## Task material
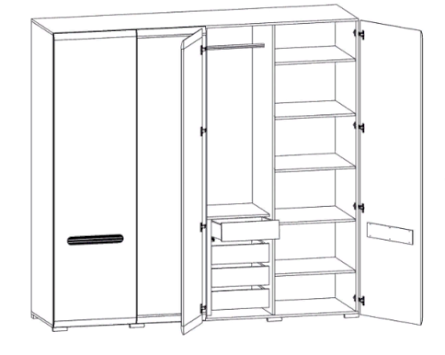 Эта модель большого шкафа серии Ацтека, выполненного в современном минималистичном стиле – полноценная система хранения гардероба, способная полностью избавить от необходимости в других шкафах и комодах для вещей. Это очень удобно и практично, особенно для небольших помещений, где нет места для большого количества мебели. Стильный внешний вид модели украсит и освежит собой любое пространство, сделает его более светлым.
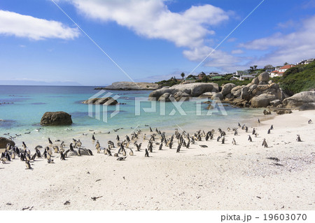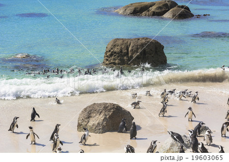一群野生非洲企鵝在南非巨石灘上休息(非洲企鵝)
==
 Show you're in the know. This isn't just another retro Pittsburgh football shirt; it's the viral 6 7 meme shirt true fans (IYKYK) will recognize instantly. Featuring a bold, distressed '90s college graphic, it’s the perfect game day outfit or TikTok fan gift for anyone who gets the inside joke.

## Your goal
Find the line with "Эта модель большого" in the data above, and from there retype each line exactly through the line with "一群野生非洲企鵝在南非巨石灘上休息(非洲企鵝)", skipping the pictures along the way.

## Answer section
 Эта модель большого шкафа серии Ацтека, выполненного в современном минималистичном стиле – полноценная система хранения гардероба, способная полностью избавить от необходимости в других шкафах и комодах для вещей. Это очень удобно и практично, особенно для небольших помещений, где нет места для большого количества мебели. Стильный внешний вид модели украсит и освежит собой любое пространство, сделает его более светлым.
一群野生非洲企鵝在南非巨石灘上休息(非洲企鵝)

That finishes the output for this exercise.